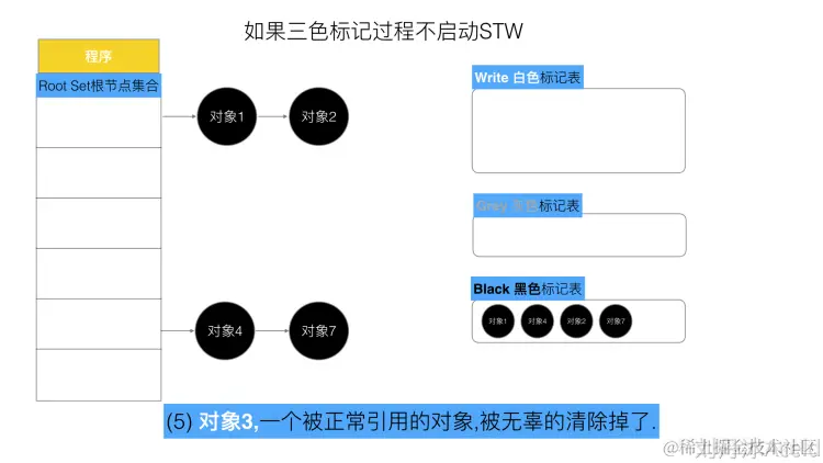 先抛砖引玉,我们加入如果没有STW,那么也就不会再存在性能上的问题,那么接下来我们假设如果三色标记法不加入STW会发生什么事情?
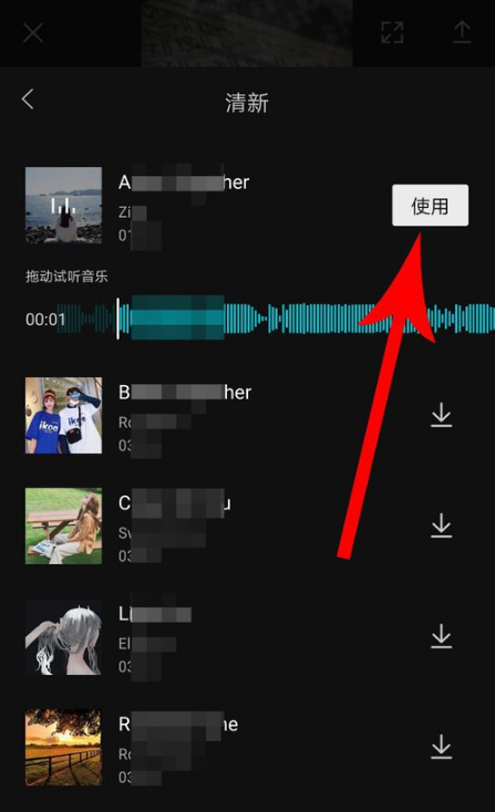 歌曲下载完毕后点击“使用”,这时剪映会重新打开视频剪辑界面,注意查看,音频歌曲添加到了视频轨道下方,位置见下图
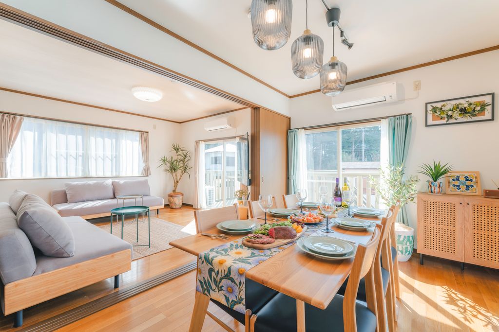 Seoska kuća u odmaralištu Fuji Hokuroku Iznajmljivanje vile na brdu s pogledom na planinu Fudži i grad Fudži-Joshida SWEET VILLA TAKASAMA SWEET VILLA TAKASAMA ima elegantan i opušten enterijer zasnovan na japanskom modernom stilu. Praktično se nalazi kao baza za razgledanje, razonodu i aktivnosti u odmaralištu, uključujući Fuji Five Lakes (Mt. Fudži, jezero Kavaguči i jezero Jamanaka), Oshinohakkai i Fuji-Q Highland. Vila se nalazi na visokoj lokaciji i možete vidjeti planinu Fudži i grad Fudži-Joshida.
════════
Leaving every picture aside, repeat the listing exactly.

 先抛砖引玉,我们加入如果没有STW,那么也就不会再存在性能上的问题,那么接下来我们假设如果三色标记法不加入STW会发生什么事情?
 歌曲下载完毕后点击“使用”,这时剪映会重新打开视频剪辑界面,注意查看,音频歌曲添加到了视频轨道下方,位置见下图
 Seoska kuća u odmaralištu Fuji Hokuroku Iznajmljivanje vile na brdu s pogledom na planinu Fudži i grad Fudži-Joshida SWEET VILLA TAKASAMA SWEET VILLA TAKASAMA ima elegantan i opušten enterijer zasnovan na japanskom modernom stilu. Praktično se nalazi kao baza za razgledanje, razonodu i aktivnosti u odmaralištu, uključujući Fuji Five Lakes (Mt. Fudži, jezero Kavaguči i jezero Jamanaka), Oshinohakkai i Fuji-Q Highland. Vila se nalazi na visokoj lokaciji i možete vidjeti planinu Fudži i grad Fudži-Joshida.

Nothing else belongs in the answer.